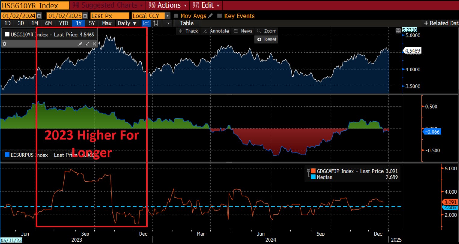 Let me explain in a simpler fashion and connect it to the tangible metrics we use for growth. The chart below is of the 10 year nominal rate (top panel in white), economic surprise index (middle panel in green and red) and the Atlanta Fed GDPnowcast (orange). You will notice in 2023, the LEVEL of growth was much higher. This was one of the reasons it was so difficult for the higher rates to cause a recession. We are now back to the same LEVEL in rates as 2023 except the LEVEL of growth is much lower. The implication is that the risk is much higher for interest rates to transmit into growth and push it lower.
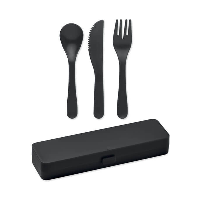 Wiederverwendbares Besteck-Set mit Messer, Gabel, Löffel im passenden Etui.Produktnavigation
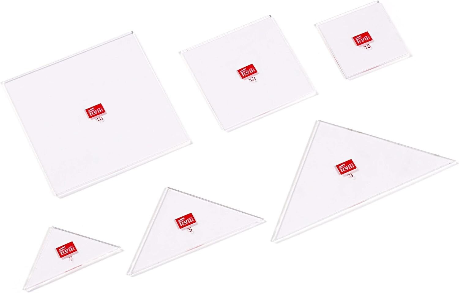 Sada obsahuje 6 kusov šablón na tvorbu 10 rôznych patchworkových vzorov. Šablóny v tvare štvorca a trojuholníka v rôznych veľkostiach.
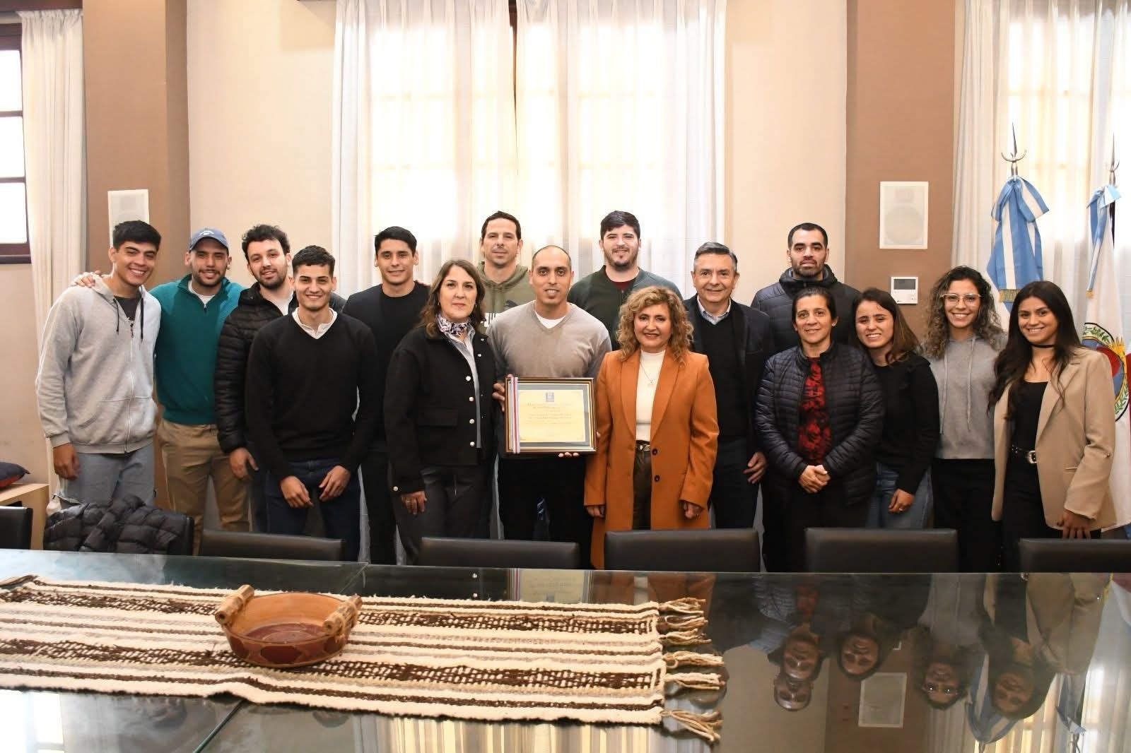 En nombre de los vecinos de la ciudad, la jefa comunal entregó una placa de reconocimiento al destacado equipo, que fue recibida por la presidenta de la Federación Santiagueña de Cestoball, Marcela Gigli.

* [What is required]: Stop at the line containing "Wiederverwendbares Besteck-Set mit" and include it. Everything from the first line of the material up to there is to be repeated exactly, leaving out pictures.

* [Result for this task]:
 Let me explain in a simpler fashion and connect it to the tangible metrics we use for growth. The chart below is of the 10 year nominal rate (top panel in white), economic surprise index (middle panel in green and red) and the Atlanta Fed GDPnowcast (orange). You will notice in 2023, the LEVEL of growth was much higher. This was one of the reasons it was so difficult for the higher rates to cause a recession. We are now back to the same LEVEL in rates as 2023 except the LEVEL of growth is much lower. The implication is that the risk is much higher for interest rates to transmit into growth and push it lower.
 Wiederverwendbares Besteck-Set mit Messer, Gabel, Löffel im passenden Etui.Produktnavigation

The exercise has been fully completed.